'''

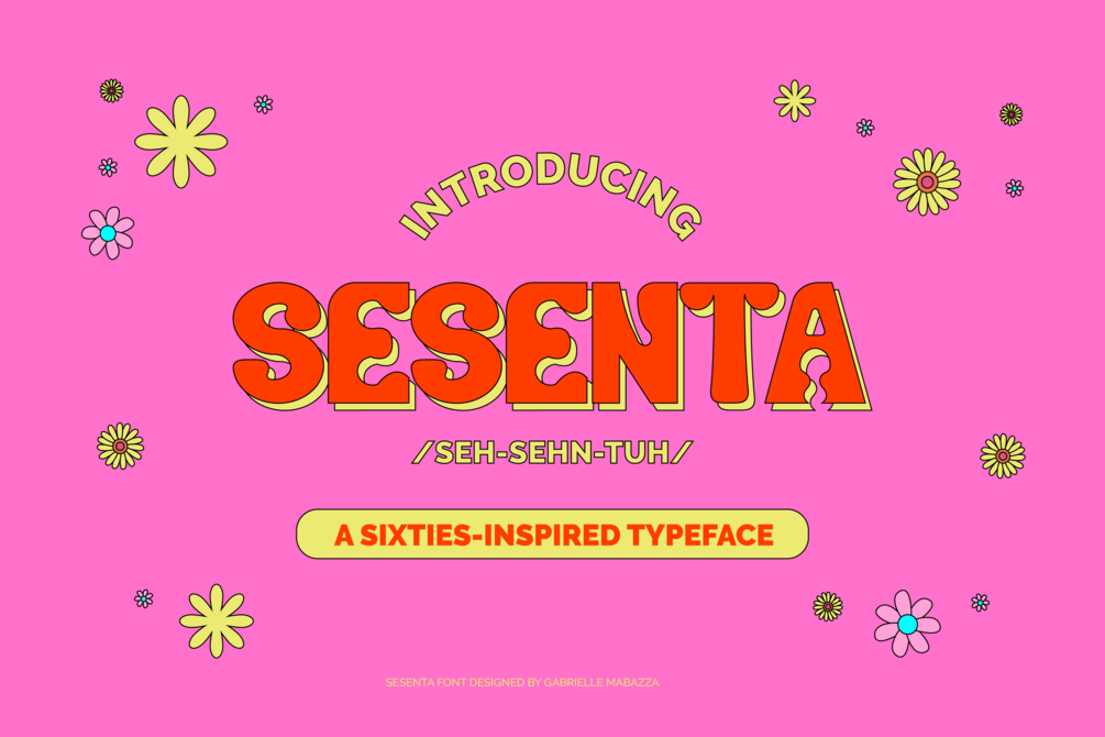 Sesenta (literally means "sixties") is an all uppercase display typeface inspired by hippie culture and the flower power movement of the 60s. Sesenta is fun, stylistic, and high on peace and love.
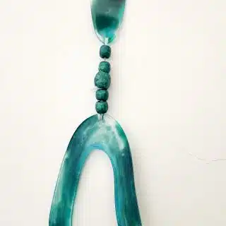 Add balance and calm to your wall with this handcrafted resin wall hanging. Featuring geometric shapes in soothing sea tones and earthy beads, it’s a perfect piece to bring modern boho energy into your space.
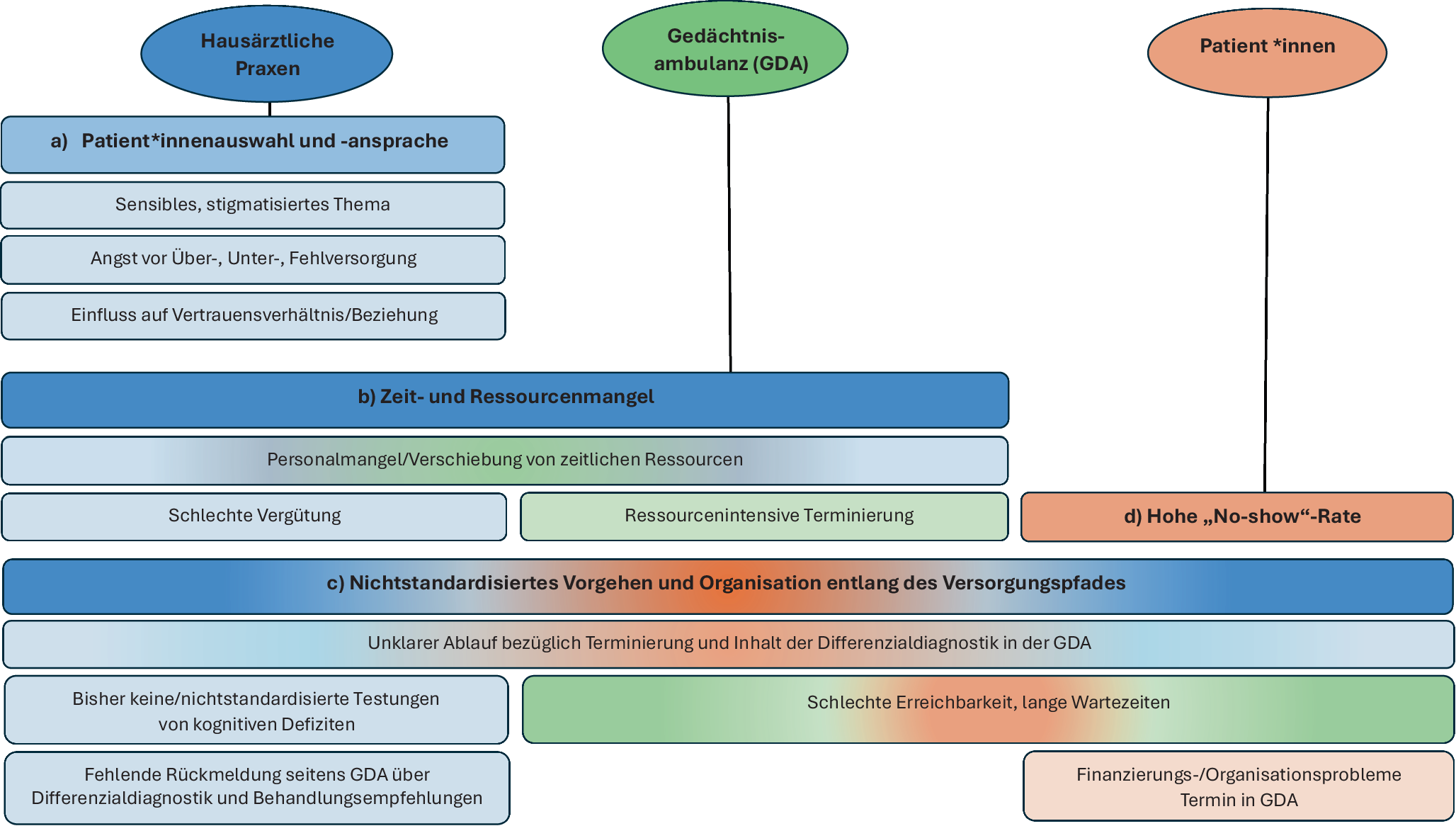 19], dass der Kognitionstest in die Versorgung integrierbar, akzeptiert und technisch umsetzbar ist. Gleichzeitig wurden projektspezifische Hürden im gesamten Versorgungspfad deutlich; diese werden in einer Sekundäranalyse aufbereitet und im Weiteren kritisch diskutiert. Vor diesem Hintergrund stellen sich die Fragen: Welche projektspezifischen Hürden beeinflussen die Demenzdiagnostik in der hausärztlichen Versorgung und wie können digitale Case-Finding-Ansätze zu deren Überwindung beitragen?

'''

Reproduce the lines above exactly, image-free.

 Sesenta (literally means "sixties") is an all uppercase display typeface inspired by hippie culture and the flower power movement of the 60s. Sesenta is fun, stylistic, and high on peace and love.
 Add balance and calm to your wall with this handcrafted resin wall hanging. Featuring geometric shapes in soothing sea tones and earthy beads, it’s a perfect piece to bring modern boho energy into your space.
 19], dass der Kognitionstest in die Versorgung integrierbar, akzeptiert und technisch umsetzbar ist. Gleichzeitig wurden projektspezifische Hürden im gesamten Versorgungspfad deutlich; diese werden in einer Sekundäranalyse aufbereitet und im Weiteren kritisch diskutiert. Vor diesem Hintergrund stellen sich die Fragen: Welche projektspezifischen Hürden beeinflussen die Demenzdiagnostik in der hausärztlichen Versorgung und wie können digitale Case-Finding-Ansätze zu deren Überwindung beitragen?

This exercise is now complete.